(CN) — The Ninth Circuit on Thursday lifted a ban on President Donald Trump’s proclamation that bars entry to immigrants without health care or the means to pay for hospital bills.
In a 2-1 decision penned by U.S. Circuit Judge Daniel Collins, a Trump appointee, the appellate court ruled that the proclamation was within the president’s authority and reversed a federal court decision to block implementation of the order.
Seven U.S. citizens sued the government after Trump issued the proclamation in October 2019, claiming that it unfairly prevented their family members from immigrating into the country.
In November 2019, U.S. District Judge Michael Simon of the District of Oregon issued a nationwide preliminary injunction of Trump’s proclamation while the lawsuit continued, saying it was likely illegal since it would separate family members.
Collins made reference to Trump v. Hawaii, the Supreme Court case that found the president has the authority to add immigration restrictions so long as they do not contradict established law.
“Nothing in Trump v. Hawaii requires a bright-line trigger for terminating additional restrictions that have been imposed under § 212(f) [of the Immigration and Nationality Act],” Collins wrote.
The panel found that the proclamation did not conflict with the statutes under the INA.
U.S. Circuit Judge A. Wallace Tashima, a Bill Clinton appointee authored a 15-page dissent.
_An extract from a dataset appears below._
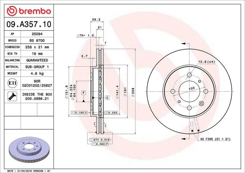 Brzdový kotouč BREMBO 09.A357.10 - HONDA
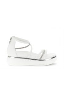Asymmetrische plateau-sandalen mit dünnen mit mikroglänzen verzierten riemchen reißverschluss hinten und umlaufendem design. das 3 cm hohe plateau und die 4 cm hohe sohle verleihen sommerlichen looks einen modernen funkelnden touch.

Tashima, who was imprisoned as a child in a WWII-era Japanese internment camp, said he agreed with the district court ruling.
“The Proclamation overrides both the Affordable Care Act (“ACA”), which makes recently arrived lawful immigrants eligible for subsidized health insurance plans… and the public charge rule of the Immigration and Nationality Act (“INA”), which comprehensively addresses the circumstances under which individuals may be excluded from this country due to their limited financial means or the financial burdens they will place on others,” he wrote.
Tashima wrote that the proclamation “has no nexus to national security, addresses a purely domestic concern (uncompensated health care costs), lacks any conceivable temporal limit, and works a major overhaul of this nation’s immigration laws without the input of Congress — a sweeping and unprecedented exercise of unilateral Executive power.”
“It strains credulity to suggest that Congress intended to authorize the President to undermine its own policy judgments,” he wrote.